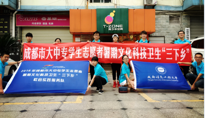 【本网讯】按照中宣部、中央文明办、教育部、共青团中央、全国学联等联合部署,全国各大中专院校紧紧围绕学习宣传贯彻习近平总书记系列重要讲话精神,以“践行‘八字真经’投身‘四个全面’”为主题,开展了全国大中专学生志愿者暑期“三下乡”社会实践活动。7月6日下午,我校“三下乡”社会实践活动团队参加了由市委宣传部、市文明办、市教育局、团市委、市学联主办,成都大学团委、成都大学学生会承办的2016年成都市大中专学生志愿者暑期文化科技卫生“三下乡”社会实践活动出征仪式。
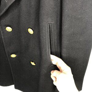 This vintage US Navy coat is a classic piece made from 100% wool, featuring gold eagle buttons and a double-breasted design.
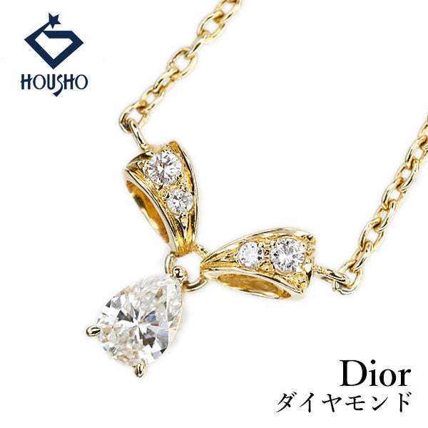 クリスチャンディオール ダイヤモンド ネックレス ダイヤモンド K18イエローゴールド Christian Dior リボン ペアシェイプカット 変形カット ファンシーカット【中古】【905295】
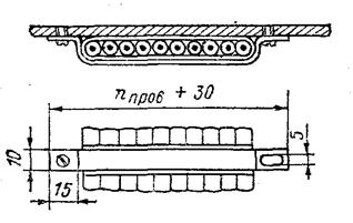 Электропроводка вторичных цепей должна удовлетворять требованиям ПУЭ и ПТЭ. Так, учитываются особая ответственность цепей защиты и управления, надежность контактных соединений, механическая прочность присоединений [55], термическая стой-» кость проводов к току к. з. и, наконец, техника безопасности обслуживания вторичных цепей. Очень важным является требование герметизации и уплотнений при проходе через перекрытия, особенно в подпультовое помещение и каналы. По условиям техники безопасности и изоляции рабочее напряжение вторичных цепей [55] должно быть не выше 440 В при постоянном и 400 В при переменном токе. Обычно исходя из условий изоляции и конструкции контактных зажимов принимается рабочее напряжение вторичных цепей постоянного тока 220 В, то же в большинстве случаев и на переменном токе, т. е. в сети питания 380 В с заземленной нейтралью для вторичных цепей используется фазное напряжение. При прокладке проводов и кабелей следует, конечно, учитывать условия окружающей среды: влагостойкость, светостойкость, коррозионную стойкость проводов, кабельных оболочек, неизменяемость переходных сопротивлений контактных соединений, которая особенно важна при алюминиевых проводах и жилах кабелей. Разрешая применение для вторичных цепей контрольных кабелей с алюминиевыми жилами из мягкого отожженного алюминия, Правила устройства электроустановок делают исключение: а) для основного и вспомогательного оборудования ТЭС и ТЭС с генераторами 100 МВт и выше; б) для подстанций с высшим напряжением 220 кВ и выше; в) для взрывоопасных помещений классов В.1 и В1-а; г) для проводов с рабочим напряжением не выше 60 В при диаметре жил кабелей и проводов от 0,5 до 1 мм. Для вторичных соединений могут применяться кабели всех типов, указанные в заводских каталогах; небронированные кабели должны иметь свинцовую, алюминиевую, резиновую или полихлорвиниловую оболочку; применение кабелей с полиэтиленовой оболочкой ввиду ее пожароопасности запрещается. Если применяются контрольные кабели с полиэтиленовой изоляцией жил, то при их разделке на каждую жилу поверх изоляции должна быть надета полихлорвиниловая трубка. Учитывая недостаточную термическую стойкость кабелей с резиновой и полиэтиленовой изоляцией жил, разрешается применение их лишь при температуре окружающей среды не выше 50 °С и при длительной температуре жил кабеля не выше 65 °С. Контрольные кабели в основном изготавливаются многожильными (с жилами одного или двух различных сечений). По условиям механической прочности присоединения к зажимам панелей и аппаратов алюминиевые жилы кабелей и проводов должны иметь сечение не менее 2,5 мм2, медные — не менее 1,5 мм2, и только для неответственных установок (на промышленных предприятиях) разрешается уменьшение сечения медных жил кабелей до 1 мм2. В цепях напряжением до 60 В диаметр медных жил кабелей, присоединяемых пайкой, должен быть не менее 0,5 мм. Особое внимание при выборе сечения следует уделить требованию работы аппаратов и измерительных приборов в заданном классе точности. Трансформаторы тока должны работать в классе точности, определяемом классом точности расчетных счетчиков и щитовых приборов, в схемах защиты — в пределах 10 %-ной погрешности. Рис. 8-42. Пакетная прокладка проводов I — стойка; 2 — электрокартон; 3 — скоба Рис. 8-41. Плоская прокладка 
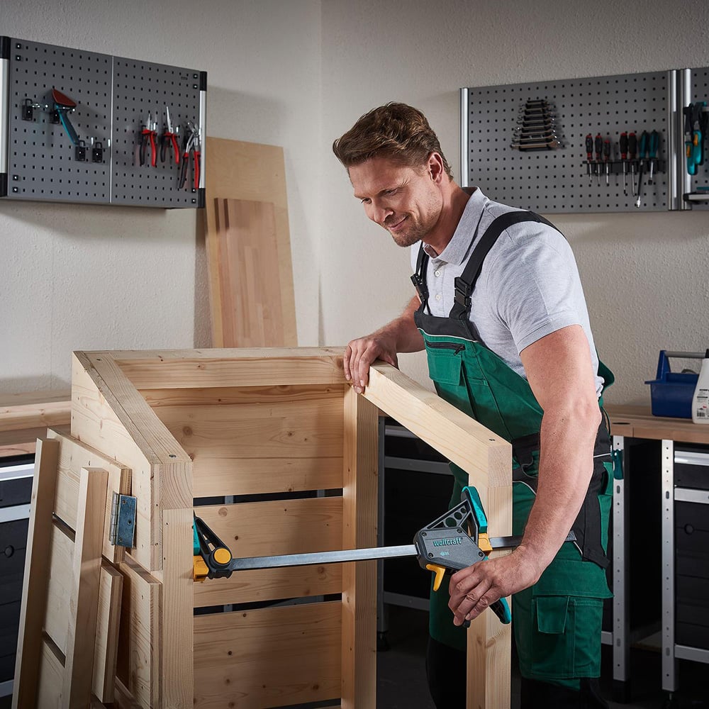 The EHZ PRO one-hand clamp lets you clamp and spread workpieces effortlessly and powerfully with just one hand. The high-quality hardened steel rail ensures long-lasting clamping pressure of up to 120 kg. The large, non-slip clamping areas provide effective protection against scratches for delicate or painted surfaces and also achieve even contact pressure. The adjustable spacing guides ensure easy and precise placement of the one-hand clamp when gluing furniture. Clamping and opening with just one hand thanks to the intelligently designed mechanism fast, safe, and convenient. The high clamping pressure of up to 120kg for professional use ergonomic handle with a non-slip zone for a safe and comfortable handling. High-quality rail for long-lasting clamping pressure. Optimum leverage for very easy release of the clamping pressure. Effortless conversion at the push of a button for spreading applications. Distribution of the clamping pressure for gentle treatment of the workpiece thanks to large rubberised clamping areas and extreme 100 mm throat clearance. Cross groove enables secure clamping of round objects. Adjustable spacing guides protect the workpiece and serve as rests. Clamping pressure: 120kg. Box Contains: EHZ PRO One-Hand Clamp.
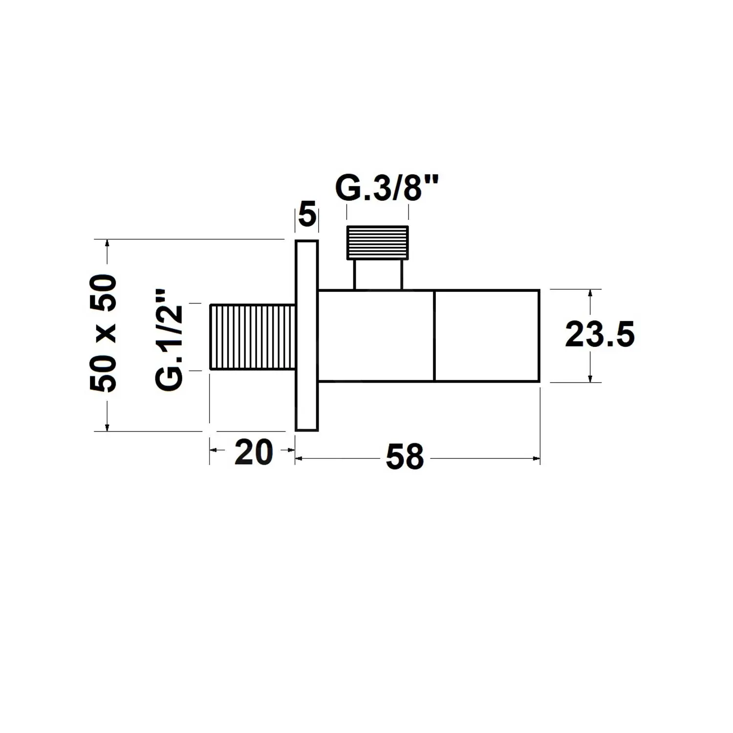 Valvola a gomito con rosetta, quadrata

++++++++++

Instructions for the task:
Give back the entries verbatim. Do not include any picture.

Response to this exercise:
 【本网讯】按照中宣部、中央文明办、教育部、共青团中央、全国学联等联合部署,全国各大中专院校紧紧围绕学习宣传贯彻习近平总书记系列重要讲话精神,以“践行‘八字真经’投身‘四个全面’”为主题,开展了全国大中专学生志愿者暑期“三下乡”社会实践活动。7月6日下午,我校“三下乡”社会实践活动团队参加了由市委宣传部、市文明办、市教育局、团市委、市学联主办,成都大学团委、成都大学学生会承办的2016年成都市大中专学生志愿者暑期文化科技卫生“三下乡”社会实践活动出征仪式。
 This vintage US Navy coat is a classic piece made from 100% wool, featuring gold eagle buttons and a double-breasted design.
 クリスチャンディオール ダイヤモンド ネックレス ダイヤモンド K18イエローゴールド Christian Dior リボン ペアシェイプカット 変形カット ファンシーカット【中古】【905295】
 Электропроводка вторичных цепей должна удовлетворять требованиям ПУЭ и ПТЭ. Так, учитываются особая ответственность цепей защиты и управления, надежность контактных соединений, механическая прочность присоединений [55], термическая стой-» кость проводов к току к. з. и, наконец, техника безопасности обслуживания вторичных цепей. Очень важным является требование герметизации и уплотнений при проходе через перекрытия, особенно в подпультовое помещение и каналы. По условиям техники безопасности и изоляции рабочее напряжение вторичных цепей [55] должно быть не выше 440 В при постоянном и 400 В при переменном токе. Обычно исходя из условий изоляции и конструкции контактных зажимов принимается рабочее напряжение вторичных цепей постоянного тока 220 В, то же в большинстве случаев и на переменном токе, т. е. в сети питания 380 В с заземленной нейтралью для вторичных цепей используется фазное напряжение. При прокладке проводов и кабелей следует, конечно, учитывать условия окружающей среды: влагостойкость, светостойкость, коррозионную стойкость проводов, кабельных оболочек, неизменяемость переходных сопротивлений контактных соединений, которая особенно важна при алюминиевых проводах и жилах кабелей. Разрешая применение для вторичных цепей контрольных кабелей с алюминиевыми жилами из мягкого отожженного алюминия, Правила устройства электроустановок делают исключение: а) для основного и вспомогательного оборудования ТЭС и ТЭС с генераторами 100 МВт и выше; б) для подстанций с высшим напряжением 220 кВ и выше; в) для взрывоопасных помещений классов В.1 и В1-а; г) для проводов с рабочим напряжением не выше 60 В при диаметре жил кабелей и проводов от 0,5 до 1 мм. Для вторичных соединений могут применяться кабели всех типов, указанные в заводских каталогах; небронированные кабели должны иметь свинцовую, алюминиевую, резиновую или полихлорвиниловую оболочку; применение кабелей с полиэтиленовой оболочкой ввиду ее пожароопасности запрещается. Если применяются контрольные кабели с полиэтиленовой изоляцией жил, то при их разделке на каждую жилу поверх изоляции должна быть надета полихлорвиниловая трубка. Учитывая недостаточную термическую стойкость кабелей с резиновой и полиэтиленовой изоляцией жил, разрешается применение их лишь при температуре окружающей среды не выше 50 °С и при длительной температуре жил кабеля не выше 65 °С. Контрольные кабели в основном изготавливаются многожильными (с жилами одного или двух различных сечений). По условиям механической прочности присоединения к зажимам панелей и аппаратов алюминиевые жилы кабелей и проводов должны иметь сечение не менее 2,5 мм2, медные — не менее 1,5 мм2, и только для неответственных установок (на промышленных предприятиях) разрешается уменьшение сечения медных жил кабелей до 1 мм2. В цепях напряжением до 60 В диаметр медных жил кабелей, присоединяемых пайкой, должен быть не менее 0,5 мм. Особое внимание при выборе сечения следует уделить требованию работы аппаратов и измерительных приборов в заданном классе точности. Трансформаторы тока должны работать в классе точности, определяемом классом точности расчетных счетчиков и щитовых приборов, в схемах защиты — в пределах 10 %-ной погрешности. Рис. 8-42. Пакетная прокладка проводов I — стойка; 2 — электрокартон; 3 — скоба Рис. 8-41. Плоская прокладка 
 The EHZ PRO one-hand clamp lets you clamp and spread workpieces effortlessly and powerfully with just one hand. The high-quality hardened steel rail ensures long-lasting clamping pressure of up to 120 kg. The large, non-slip clamping areas provide effective protection against scratches for delicate or painted surfaces and also achieve even contact pressure. The adjustable spacing guides ensure easy and precise placement of the one-hand clamp when gluing furniture. Clamping and opening with just one hand thanks to the intelligently designed mechanism fast, safe, and convenient. The high clamping pressure of up to 120kg for professional use ergonomic handle with a non-slip zone for a safe and comfortable handling. High-quality rail for long-lasting clamping pressure. Optimum leverage for very easy release of the clamping pressure. Effortless conversion at the push of a button for spreading applications. Distribution of the clamping pressure for gentle treatment of the workpiece thanks to large rubberised clamping areas and extreme 100 mm throat clearance. Cross groove enables secure clamping of round objects. Adjustable spacing guides protect the workpiece and serve as rests. Clamping pressure: 120kg. Box Contains: EHZ PRO One-Hand Clamp.
 Valvola a gomito con rosetta, quadrata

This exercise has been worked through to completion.